The List widget is the most important in the framework, as “the webOS user experience was designed around a fast and powerful list widget, binding lists to dynamic data sources with instant filtering and embedding objects within other widgets and lists.”

Simple widgets include buttons, checkboxes, sliders, indicators, and containers.

The Text Field widget includes text entry and editing functions, including selection, cut/copy/paste, and text filtering, and can be used in conjunction with a list widget.

Menu widgets can be used with specified areas of the screen, including the view and command menus that are completely under your control. The app menu is handled by the system, but custom items can be added to the menu, as well as functions to service the help and preferences items.
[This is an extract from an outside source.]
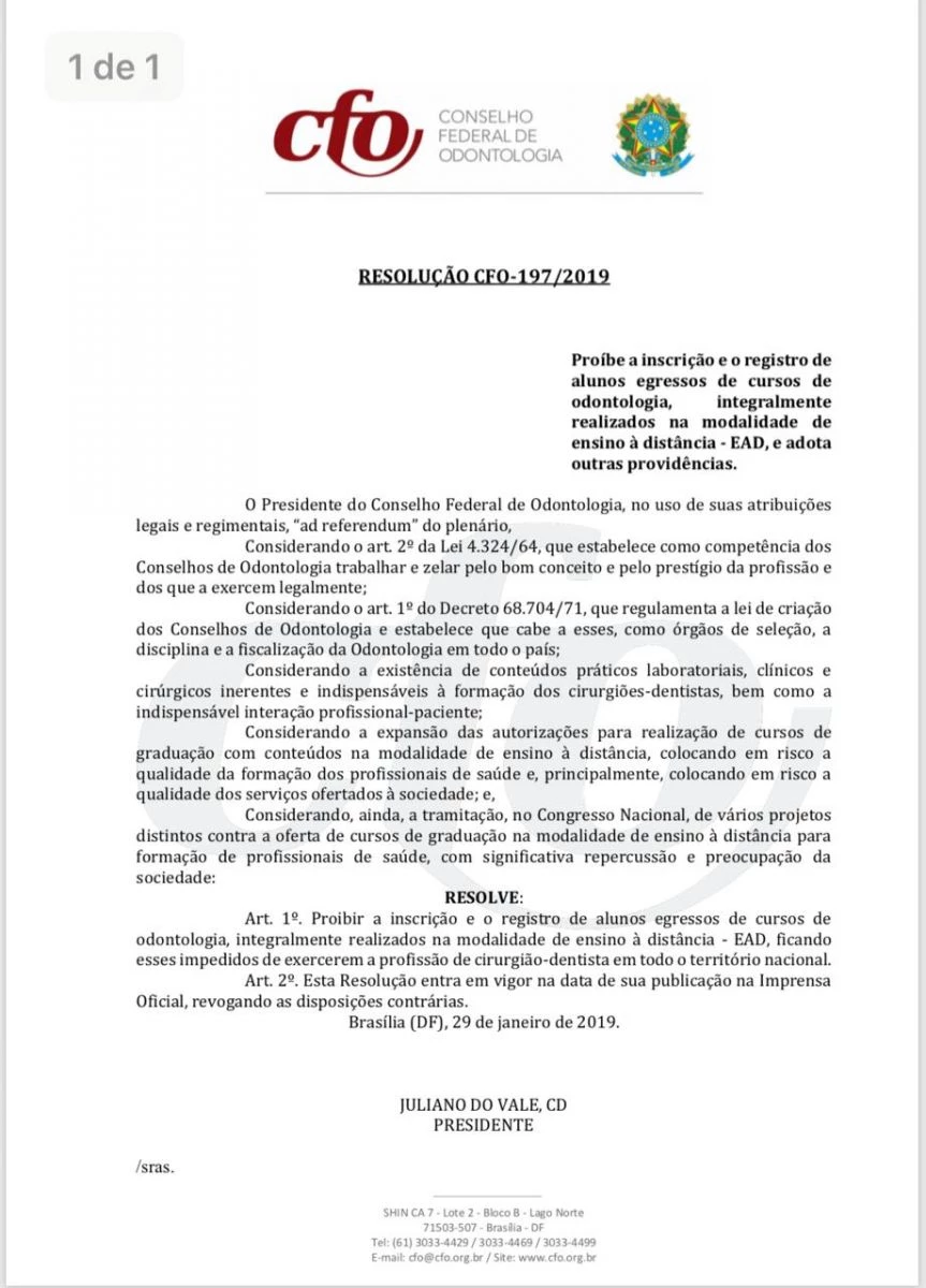 Na abertura do 37° CIOSP Congresso Internacional de Odontologia de São Paulo o presidente do CFO Dr Juliano do Vale apresenta as seguintes resoluções:

Picker and viewer widgets are more complex, with pickers used for browsing and filtering files or contacts, or for selecting addresses, dates or times. Viewers are used to play or view items such as audio, pictures, video or web content within your application.

Requirement for development in Palm Pre

How to start development in Palm Pre?
Before starting development in Palm Pre you need  to download VirtualBox, Mojo SDK and Eclipse 3.4.2 version. Install VirtualBox first, then only download and install Mojo SDK. It is pre-requisite for Mojo SDK installation. When you start installing Mojo SDK, make sure that VirtualBox is not running.

Now Double-click the Palm SDK Installer file.

  • The Palm emulator becomes available in the Applications folder.
  • The Palm command-line tools become available from the Terminal.
  • Create or choose a directory to use as your application development workspace.

You can start the Palm Emulator by double clicking on its icon in the Application directory. At that time Virtual box starts up and creates virtual machine that hosts the Palm Web OS Platform. When you start VirtualBox first time there are several message will come. Just click ok on that diaglog box and continue.

In Eclipse you need to add Mojo SDK plug-ins. For that,

  • Start Eclipse.
  • go to Help Menu, Select Software Updates and click on Available Software tab.
  • click and select Add Site button. and in the location field http://cdn.downloads.palm.com/sdkdownloads/1.1/eclipse-plugin/eclipse-3.4/site.xml and click Ok.
  • check Palm Mojo SDK and click Install.
  • Restart Eclipse.

After installing Mojo SDK add plugins in the Eclipse,

Selecting the webOS Perspective

1.  Select Window > Open Perspective… > Other…

2.  Select webOS from the Open Perspective dialog.

3.  Click OK.

Preparing  webOS Application

From the New Project menu:

1.  Start Eclipse.

2.  Select File > New Mojo Application.

3.  On the next screen, type a name in the Project Name field.

4.  Enter your application info:

    • Title
    • Vendor
    • ID
    • Version

5.  Click Finish.

From the New App toolbar menu:

1.  In the Eclipse toolbar, click the Mojo Wizard icon and select New App from the drop down menu.

2.  On the New Project Wizard screen, type a name in the Project Name field.

3.  Enter your application info:

    • Title
    • Vendor
    • ID
    • Version

4.  Click Finish.

Adding a scene to your webOS Application,

From the New Project Menu:

1.  Select File > New > Mojo Scene.

2.  On the New Mojo Scene Screen, make sure the correct project is selected.

3.  Enter a name for your scene and click Finish.

From the New Scene toolbar menu:

1.  In the eclipse toolbar, click the Mojo Wizard icon and select New Scene from the drop down menu.

2.  On the New Mojo Scene Screen, make sure the correct project is selected.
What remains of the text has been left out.